» **EXERCISE GOAL**
Only the lines below from the one with "Description: Pure cotton" through the one with "生徒作成献立「いい歯の日×徳島れんこんの日」" are to be written out, exactly and without any images.

Collection entries:
■ ■ ■ ■

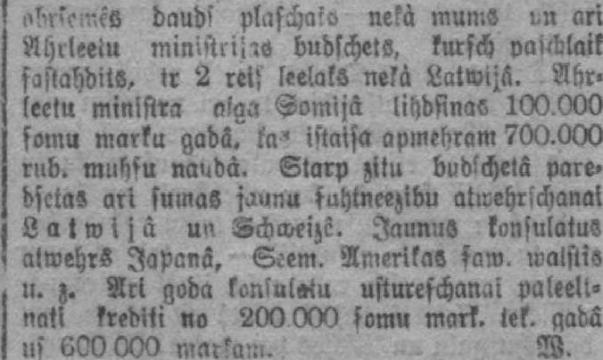 î »brşeņM daudş plaschaşo nekà mums m ari Ahrleetu min'.'tni-is budschetS, kmşch vaiļblaik sastahditS, tr 2 rets leelaks nefà Latwijâ. Ahr. leetu miniftra aiga Şomijâ lihdfinas 100.000 somu marku gadā. ka" işiaìşa apmehram 700.000 rub. muhsu nauda. Starp zitu bvdkchetā pare» dsctas ari fumaS jaunu şuhtneezibu ativehrschanai Latwìjà un Şchweizê. Jaunus konsulātus ! atwehrS Japānā, Scem. Amerikas şaw. walstîs . v. z. Ari goda konlula-tu ustureşchan.u paļeeltnatl krediti no 200 000 şomu mark. tek. gadā ! us 600 000 markam. W.
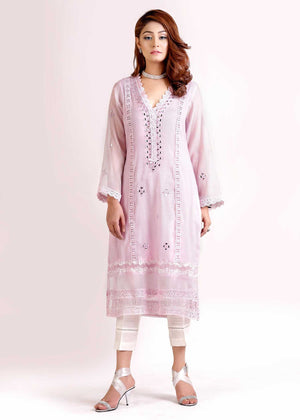 Description: Pure cotton net kurta with attached slip embellished with variety of laces and mirror work to perfection.
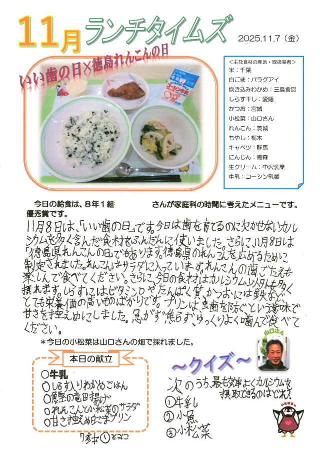 生徒作成献立「いい歯の日×徳島れんこんの日」
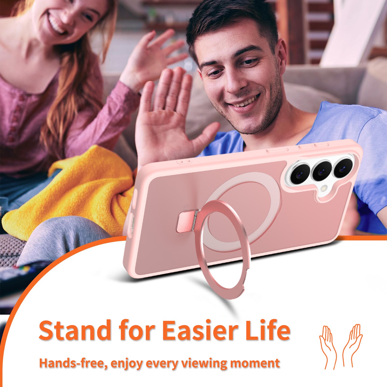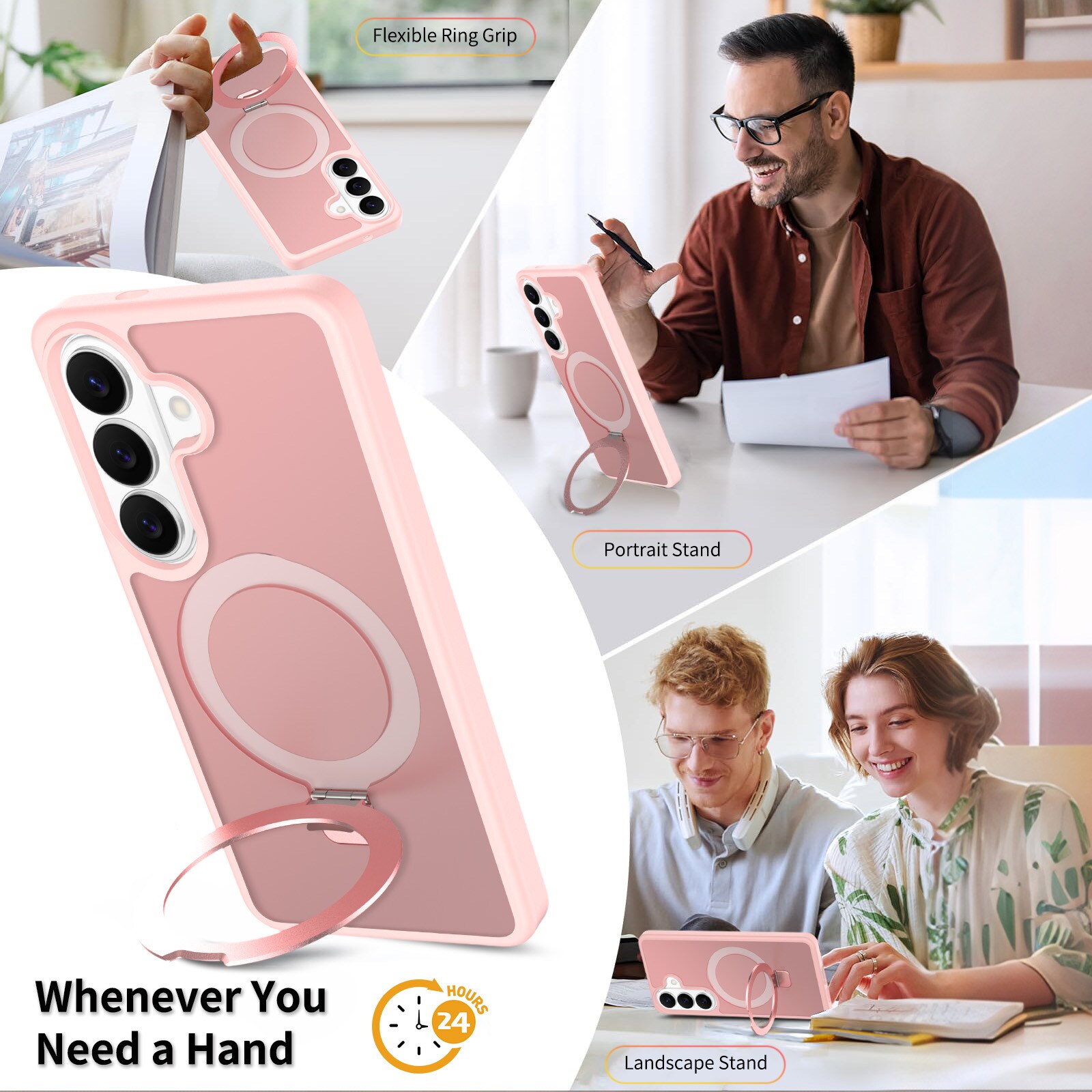 Mobilcover med udtrækkelig magnetisk ring til Samsung Galaxy S26. For optimal beskyttelse mod stød og tab har coveret et todelt design med en TPU-kerne og en ydre skal i hård plast. Ringen på bagsiden er magnetisk og kan bruges sammen med MagSafe-kompatibelt tilbehør såsom opladere og kortholdere. Ringen kan også fungere som et stativ til at se film, videoer eller spille spil.
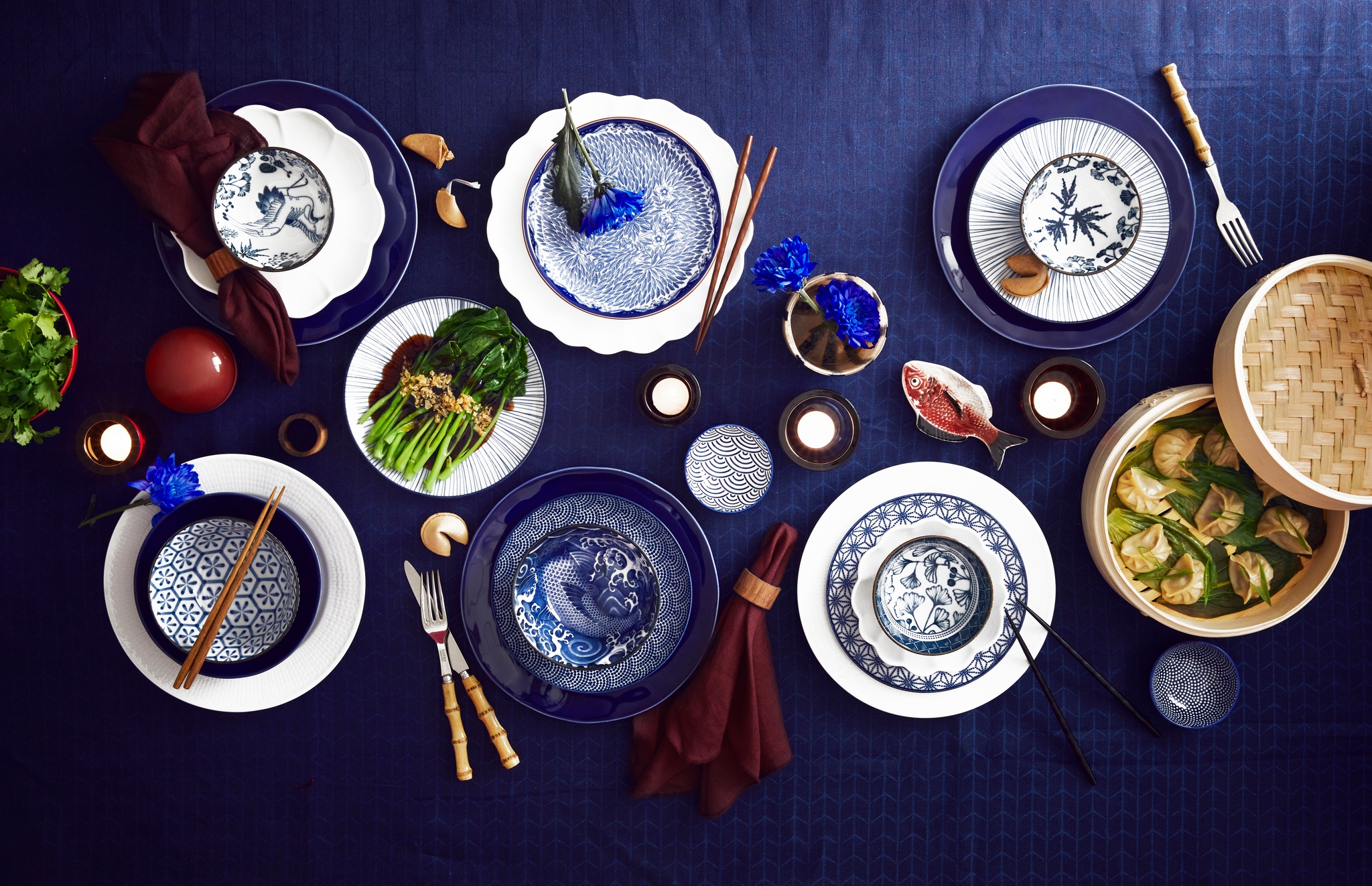 - Använd gärna blommiga, mönstrade eller gyllene tallrikar. Om du har möjlighet kan du välja porslin med symboler som drakar, fenixar eller kinesiska tecken.
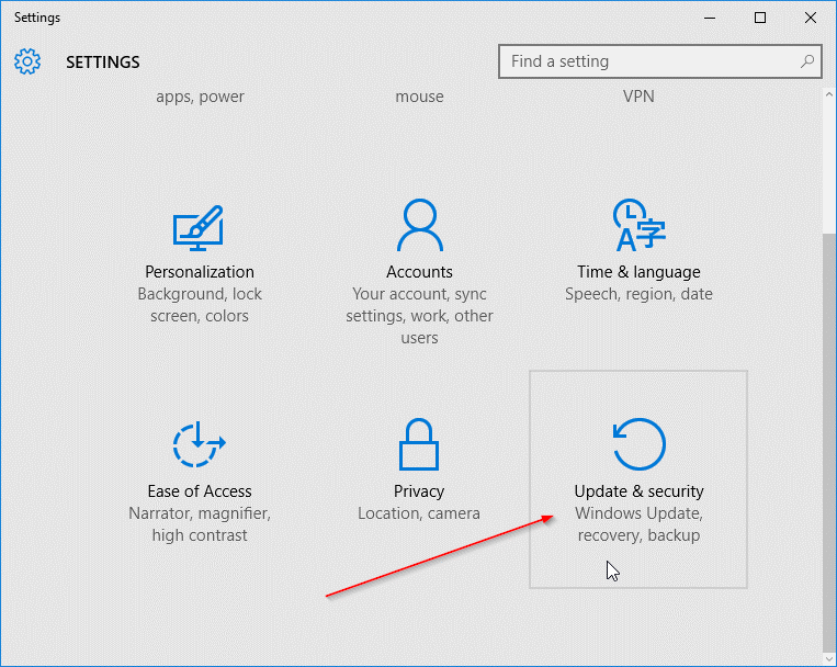 - Sekarang klik Update and Security (Windows Update, recovery, backup)
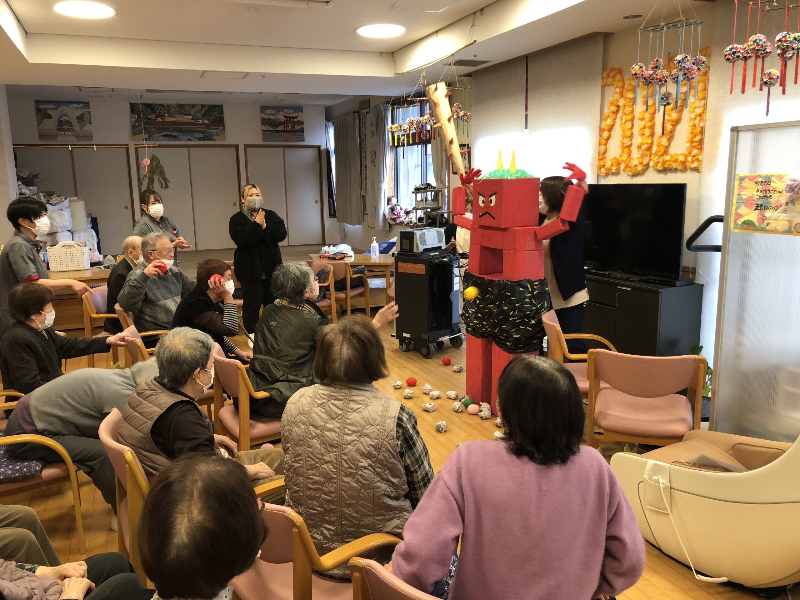 こんにちわ。デイサービスです。今日は2月3日に行われた節分イベントについてご紹介します。

■ ■ ■ ■

» **WRITTEN SOLUTION**
 Description: Pure cotton net kurta with attached slip embellished with variety of laces and mirror work to perfection.
 生徒作成献立「いい歯の日×徳島れんこんの日」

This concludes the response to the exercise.